Not only does it make your AssemblyScript code faster, but it’s probably also significantly smaller.

Peculiarities with TypeScript

Take a look at the function shown below. You’ll notice that the return type is not a TypeScript type. This is one of the differences between AssemblyScript and TypeScript, as WebAssembly (Wasm) does not support JavaScript types like strings or numbers on its own. Though Wasm doesn’t support these types directly, AssemblyScript does, they are just encoded in WebAssembly (Wasm) differently, so using these types will require a bit of JavaScript called glue code as stated earlier.

export function main(): u32 {
    return 7;
}

You can see the full list of WebAssembly types here.

To use more complex data types in AssemblyScript, an awesome library called AssemblyScript loader can be used to load data types like strings, arrays into WebAssembly memory.

VS Code Configuration

Visual Studio Code, which is the text editor you are following within this guide, by default will put a red error line under it. To fix that, VS Code provides a default tsconfig.json file.

$ touch tsconfig.json

Add the following code inside this file:

{
    "extends": "assemblyscript/std/assembly.json"
}

VS Code will now think this is a kind of valid TypeScript, so no more error line.

Using Imports

You can also import a function from a different module, similarly to TypeScript. The compiler will take care of building it all together, linking, and recognizing which functions you're actually calling.

Update the main.ts file. You’re importing the alert module from sandbox and calling the alert function inside the main function.

import { alert } from './sandbox';
export function main(): void {
    alert(100);
}

Create the sandbox file.

$ touch sandbox.ts

Add the following code to it:

export declare function alert(v: u32): void;

Currently, there is no implementation of alert. The declare keyword, which also exists in TypeScript, assures the validator that this function exists once you run the code; you just didn't implement it yourself.

A common use case is when a browser supports an API that TypeScript doesn't know about yet.

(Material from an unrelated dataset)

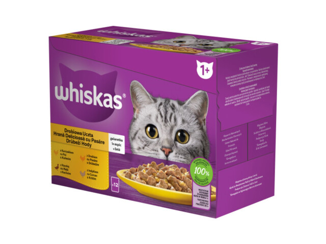 Ca iubitori de pisici, stim ca torsul este cel mai bun sunet pe care il poti auzi. De aceea felinele noastre bucatari muncesc din greu pentru a pregati mese delicioase care fac milioane de pisici din toata lumea sa se grabeasca la bolurile lor torcand entuziasmate cu o satisfactie buna de lins. Pregatite cu dragoste si grija, fiecare gustare are un balans nutritional care asigura pisicii tale tot ce are nevoie ca sa poata continua sa toarca. Pregatite special pentru a pastra bunatatea naturala si gustul delicios al ingredientelor de inalta calitate, mesele noastre preferate vor face pisica ta sa se grabeasca spre bol mai rapid ca niciodata. De la pisoi jucausi la frumoasele feline mature, retetele noastre delicioase sunt create pentru un tors fericit la orice varsta… la ora mesei si nu numai. Compozitie: carne si derivate de origine animala (35%, inclusiv 4% pui in fiecare bucatica*), cereale, minerale, derivate de origine vegetala, diverse zaharuri. *Bucatica in mod tipic 40% din produs. Compozitie: carne si derivate de origine animala (35%, inclusiv 4% rata in fiecare bucatica*), cereale, minerale, derivate de origine vegetala, diverse zaharuri. *Bucatica in mod tipic 40% din produs. Compozitie: carne si derivate de origine animala (35%, inclusiv 4% pasare in fiecare bucatica*), cereale, minerale, derivate de origine vegetala, diverse zaharuri. *Bucatica in mod tipic 40% din produs. Compozitie: carne si derivate de origine animala (35%, inclusiv 4% curcan in fiecare bucatica*), cereale, minerale, derivate de origine vegetala, diverse zaharuri. *Bucatica in mod tipic 40% din produs. Aditivi per kg: Aditivi nutritionali:Vitamina C:702mg, Vitamina D₃:200UI, Taurina:620mg, Cupru (Sulfat de cupru (II) pentahidrat):1.2mg, Iod (Iodat de calciu, anhidru):0.22mg, Fier (Sulfat de fier (II), monohidrat):11.2mg, Mangan (Sulfat de mangan, monohidrat):2.2mg, Zinc (Sulfat de zinc, monohidrat):16.2mg/Aditivi tehnologici:Guma cassia:2148mg/Aditivi senzoriali:Arome. Valori analitici (%): proteina:7.8;continut de grasimi:4.0;materie anorganica:1.6;fibra bruta:0.25;umiditate:84.5. Instructiuni de hranire: O pisica de 3 kg necesita 3 – 3 1/2 pliculete zilnic, o pisica de 4 kg necesita 3 1/2 – 4 pliculete zilnic, o pisica de 5 kg necesita 4 – 4 1/2 pliculete zilnic. 1 plic poate fi inlocuit cu 16 g de hrana uscata WHISKAS(R). Tineti cont de caloriile care provin din gustari.

The AssemblyScript compiler will only note that this function takes a u32, however for this to work completely, you need to provide the imports object to the instantiate function. Update index.html like so:

...
const { instance } = await WebAssembly.instantiateStreaming(
    fetch('main.wasm'),
        {
            sandbox: { alert: window.alert },
        }
    );
...

Compile your AssemblyScript code to WebAssembly and refresh your browser to see the alert message of 100:

$ npx asc -b main.wasm main.ts

Not only can you call from JavaScript into WebAssembly, but your main function can call back into JavaScript as well through the import object.

An array can cause the instantiate function to fail, which means it ran out of memory. AssemblyScript actually has memory management, however it needs something to call when things go wrong, called an abort function.

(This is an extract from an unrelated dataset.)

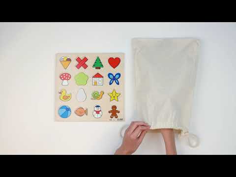 Un jeu de toucher original où vous cherchez visuellement l'objet qui correspond à la forme que vous touchez avec vos mains. Mettez toutes les formes en bois dans le sac en coton et placez le plateau de jeu devant vous sur la table.

Edit the main.ts file to see an example of this.

export function main(): u32 {
    const arr: u32[] = [4, 5];
    arr.push(6);
    return arr[0] + arr[1] + arr[2];
}

Edit the index.html file:

...
const { instance } = await WebAssembly.instantiateStreaming(
    fetch('main.wasm'),
        {
            env: {
                abort() {
                    throw Error('An error occurred');
                },
            },
        }
    );
...

A more elegant solution is to make use of the AssemblyScript Loader module, which can take care of all this glue code for you.

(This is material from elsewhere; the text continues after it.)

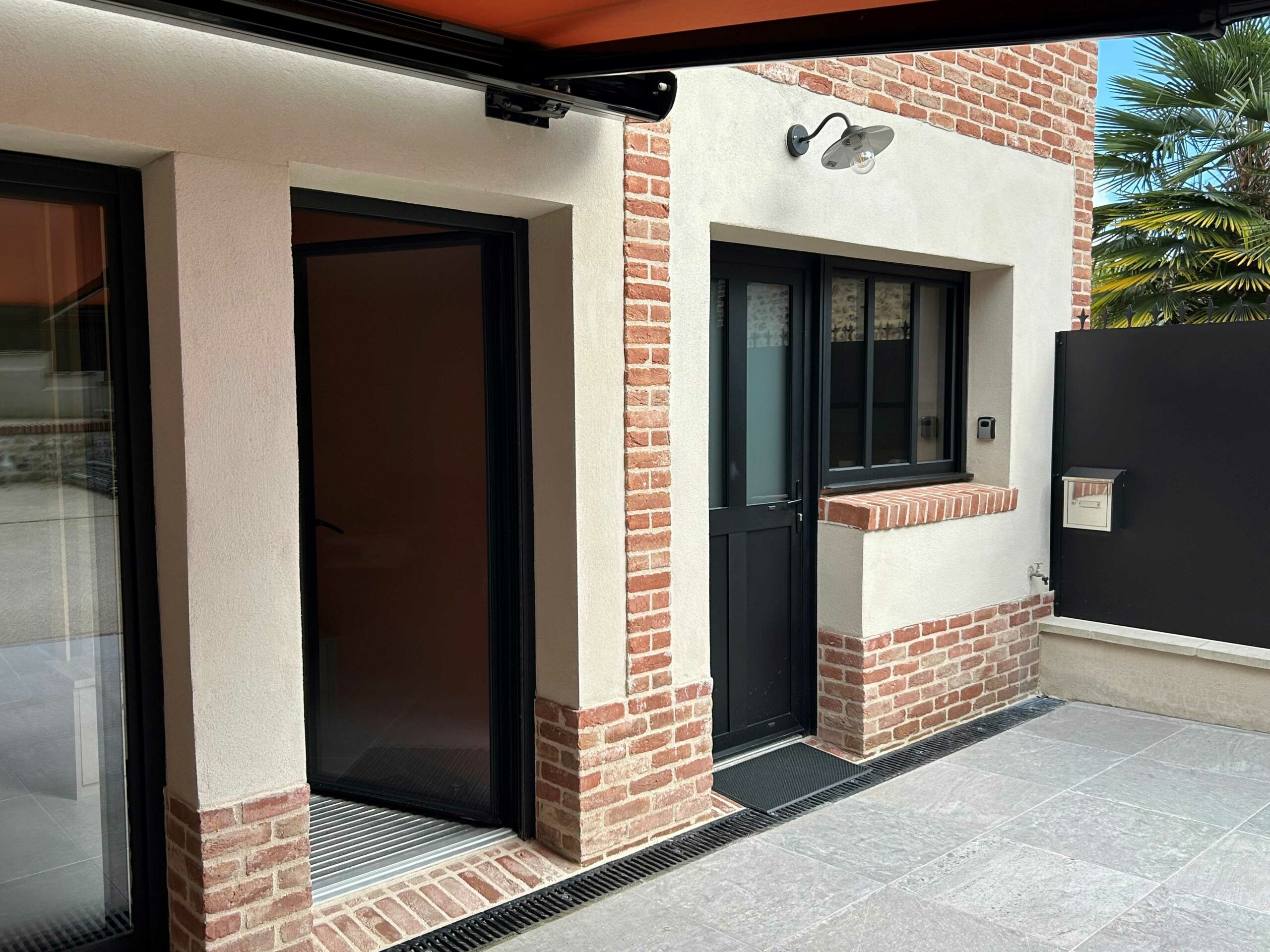 À l’extérieur, la façade a été repensée en mélangeant briques apparentes et enduit clair, pour un style à la fois authentique et résolument actuel.

Another library to check when working with AssemblyScript is as-bind, a library that passes high-level data structures between AssemblyScript and JavaScript.

Conclusion

In this post, you were introduced to AssemblyScript and how it relates to TypeScript. You also learned about WebAssembly and why you might consider it for your next project over JavaScript, and finally you saw how to install AssemblyScript with some working examples.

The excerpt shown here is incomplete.